Round trip in Python

Description

The round trip python directory can be found in src/demonstrators/RoundTrip/Python/. This directory contains the source for the round trip and also the flood implementation.

The DDShub.py needs to be setup with a publishing and subscribing topic, acting as a hub. The RoundTrip.py and Flood.py act as the master and do not have to be setup. Here the publishing and subscribing topic are hard coded. So for one hub the subscribing topic and another hub the publishing topic are also fixed, which ‘connect’ to the master.

To setup a round trip of a master and three hubs the following needs to be configured.

./DDShub.py Master_Out <publish name hub1>
./DDShub.py <publish name hub1> <publish name hub2>
./DDShub.py <publish name hub2> Master_in
./RoundTrip.py

An example of this, for the hubs, is present in bash script run_L3.sh. To setup a flood the RoundTrip.py needs to be replaced with Flood.py.

Execution

Use DDShub.py to setup either a flood or round trip setup (see run_L3.sh for an example). To run the flood example:

./run_L3.sh
./Flood.py <number of messages to send>

for <number of messages to send> a value can be specified. If omitteda, a value of 1000 will be used.

To run the round trip example:

./run_L3.sh
./RoundTrip.py

The above will only do one run. For more accurate measurements multiple runs have to be made. This can be achieved by using a loop (script run_RoundTrip_10times.sh). This script also logs each output of a single run into a separate log file.

#!/bin/bash
i=1
while [ $i -le 10 ]
do
   ./RoundTrip.py > ~/RoundTrip_python_$i.log
   let "i = i + 1"
done

A similar script can also be created for executing flood 10 times, with the number of messages as argument.

#!/bin/bash
i=1
while [ $i -le 10 ]
do
   ./Flood.py $1 > ~/Flood_python_$i.log
   let "i = i + 1"
done

Measurements

For the measurements a setup has been chosen of four hubs of which one is the master doing all the measurements.

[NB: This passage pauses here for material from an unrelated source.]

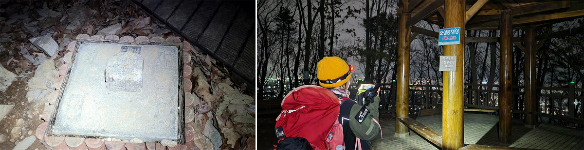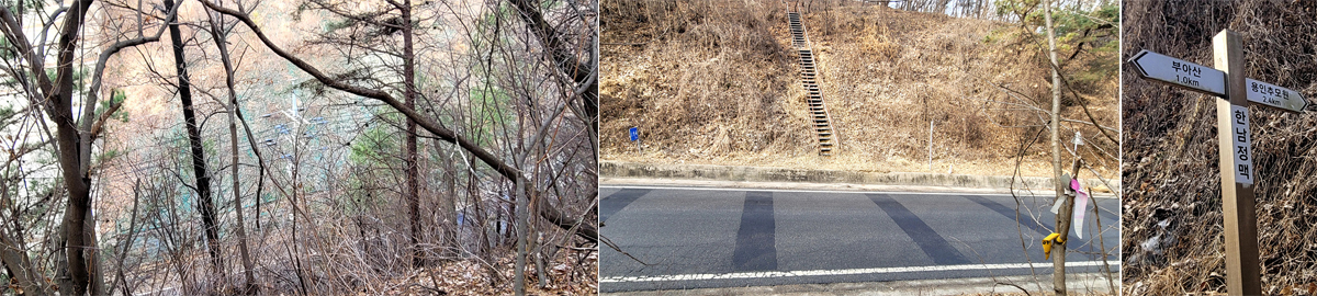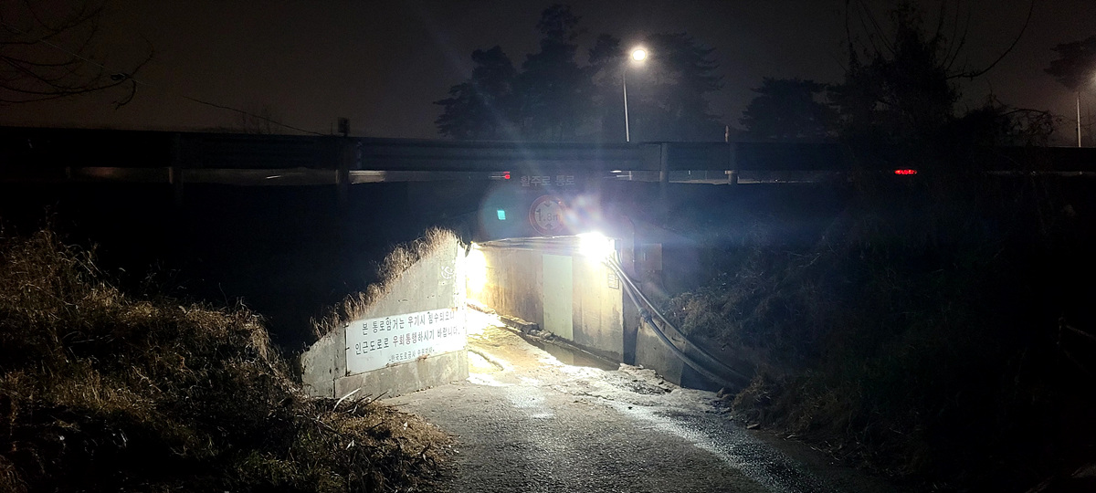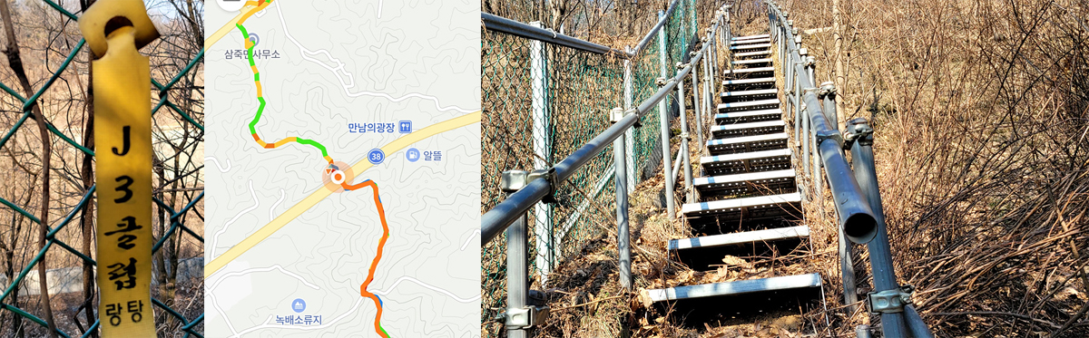 | [4일차] 175km 목감공원-목감초등학교-논곡중학교-운흥산(204.1) 왕복-수도권제1순환고속도로(굴다리)- 수인로-금오로-시흥시 무지내동 산길-무덤가 지나 내려와 수도권제1순환고속도로 진입 약400m 진행(총600m 중)- ((새벽6시45분 고속도로순찰대에 잡힘, 도로공사시흥영업소 시흥졸음쉼터 일산방향 하차)) 시흥영업소-지하통로 이동 TG 건너 등로 고갯길 비룡사 직전 임도(시흥시 계수동 577-3.대흥상사까지 약 2.4km ) ~((오전9시35분 수도권제1순환고속도로 접선 부분 도착-도킹까지 약 5km)) = > 별도 총 7.4km 도보 이동 이 구간은 우회로 찾아서 돌아가시는 것이 좋을 듯 합니다. 수도권제1순환고속도로 도로 오름 부분 접선-봉재산(148)-양지산(151)-길마산- 중림고개, 창성포장(수인로) 임도 따라-제2경인고속 아래 굴다리 통과-범안로- 계수동고개( 시흥시 계수동 577-3.대흥상사)-비룡사(절)-삼십고개(30m,계수로)- 소래조경 앞 굴다리 통과-소사로-봉매산-여우고개(생태이동통로,호현로/39번도로)- 하우고개(구름다리,하우로)-성주산(217)-거마산-비루고개(50m)- 수현삼거리 지나(식당 편의점, 인천 남동구 장수동)-철마산-만월산구름다리-새말공원-만월산(187.1)- 십정근린공원-백운공원-아트센터입구삼거리-부평도서관 옆길- 함봉산(철마산(165))-원적로-원적산(196)-서달로-봉오대로길(식당 편의점)-아나지고개(봉오대로,루원교)- 철마산(287)-천마산(286)-중구봉(276)-장명이고개(징매이고개생태터널)-계양산(394)-피고개산(215)- 검암산(185)-꽃메산(133)-경인아라뱃길(목상교 건너)-아라로-아라마루휴게소 /야간 약1시간 휴식(음료 자판기 및 화장실) |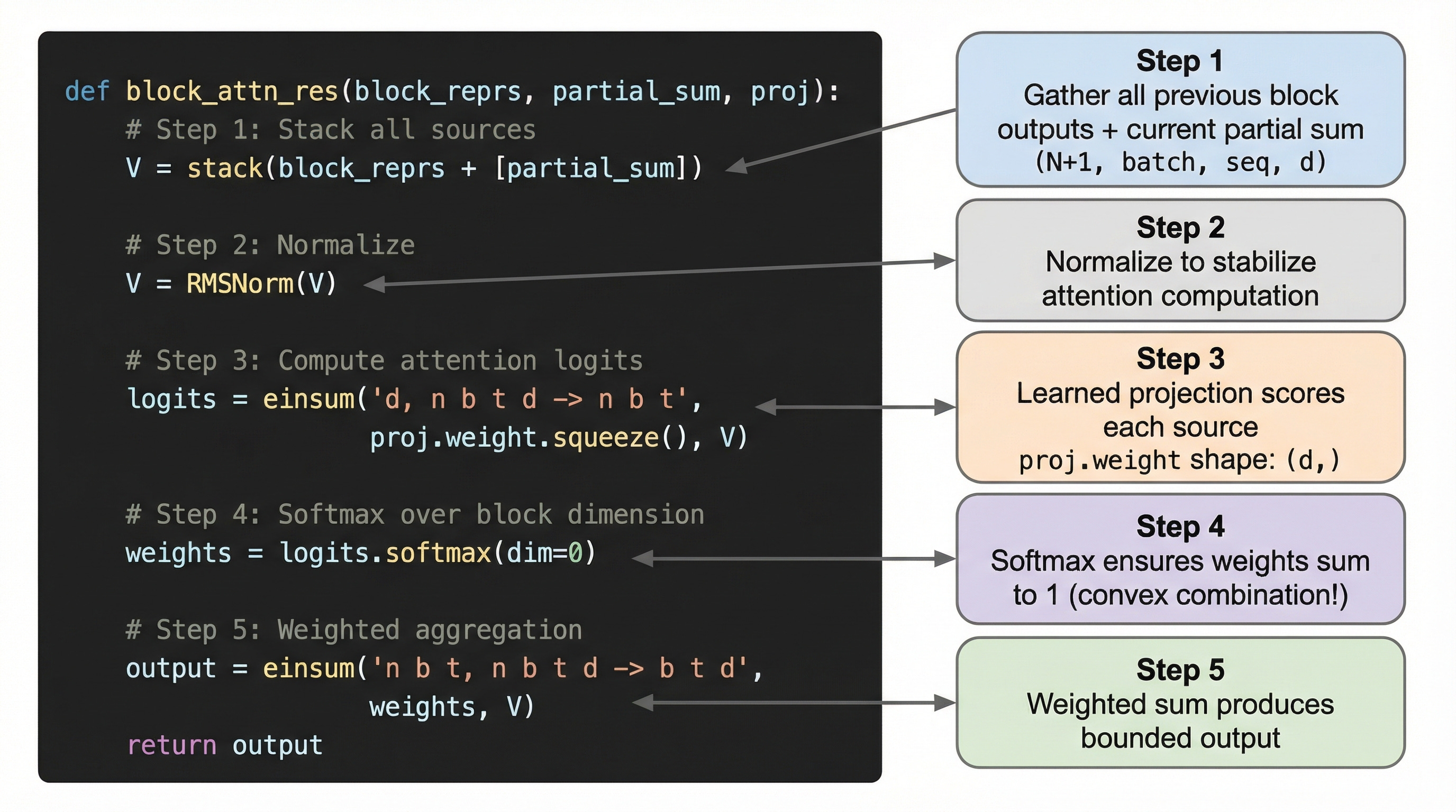 return outputThe function takes the previous block representations, the current block’s partial sum, and a learned projection (the pseudo-query). The stack, normalize, score, softmax, aggregate pattern is clean and efficient. Adding Block AttnRes to an existing transformer requires modifying only the block boundary logic, making it a true drop-in replacement for standard residual connections.

The measurements for the inter process communication (IPC) of the roundtrip and flood experiments have been gathered on a hp laptop, issued by Capgemini, and a Raspberry Pi, issued by the product owner. All the hubs run on the same hardware, either the laptop or the Raspberry Pi.

The measurements for the inter system communication (ISC) of the round trip and flood expirements have been gathered on both above mentioned hardware, for the IPC, and additionally an ethernet router. Two hubs run on the laptop, the master and hub 2, and two hubs run on the Raspberry Pi, hub 1 and hub 3. Since the communication will start at the master to hub 1, from hub 1 to hub2, from hub 2 to hub 3 and from hub 3 to the master, there is no inter process communication on either the laptop or the Raspberry Pi. There is only inter system communication.

Specifications of the hardware: HP laptop: HP Elitebook 850GS, Intel i7-8650 CPU @ 1,9 GHz 2,11 GHz Raspberry Pi: Raspberry Pi 3 Model B v1.2, Broadcomm BCM2837 CPU @ 1,2 GHz Ethernet router: Netgear WGR614 v7

For the round trip several runs have been performed, with the averages as the following result:

  Round trip (ms)
run 1 run 2 run 3 run 4 run 5
HP laptop (IPC) 1,357 1,549 1,534 1,689 1,484
Raspberry Pi (IPC) 8,623 8,775 8,705 8,718 8,574
laptop & Pi (ISC) 7,691 7,822 7,825 7,599 8,126
Average time in ms for a round trip

For the ISC measurements the expected time for a round trip would be roughly: “(Raspberry Pi(IPC) + HP laptop (IPC))/2”, which is approximately 5 ms. However, based on the figures above there is a difference of around 2,5 to 3,1 ms. This time difference is consumed by the router, since this hardware has been added to the configuration.

For the flood also several runs have been performed, with the averages of all runs per different number of messages as the following result: (The time measured is the time it takes from sending the first message and receiving the last message)

  Flood (s), x 1000 messages
1 10 100 1000
HP laptop (IPC) 0,6 4,6 56,1 578,5
Raspberry Pi (IPC) 3,2 31,6 321,5 3480,1
laptop & Pi (ISC) 2,7 24,7 235,5 2291,7
Average time in s for a # of messages (1000, 10.000, 100.000, 1.000.000)

From the flood measurements a linear pattern can be deducted for both hardware (IPC), although this was not expected for the runs on the Raspberry Pi, which has no active cooling system. The same linear pattern can also be seen for the ISC measurement.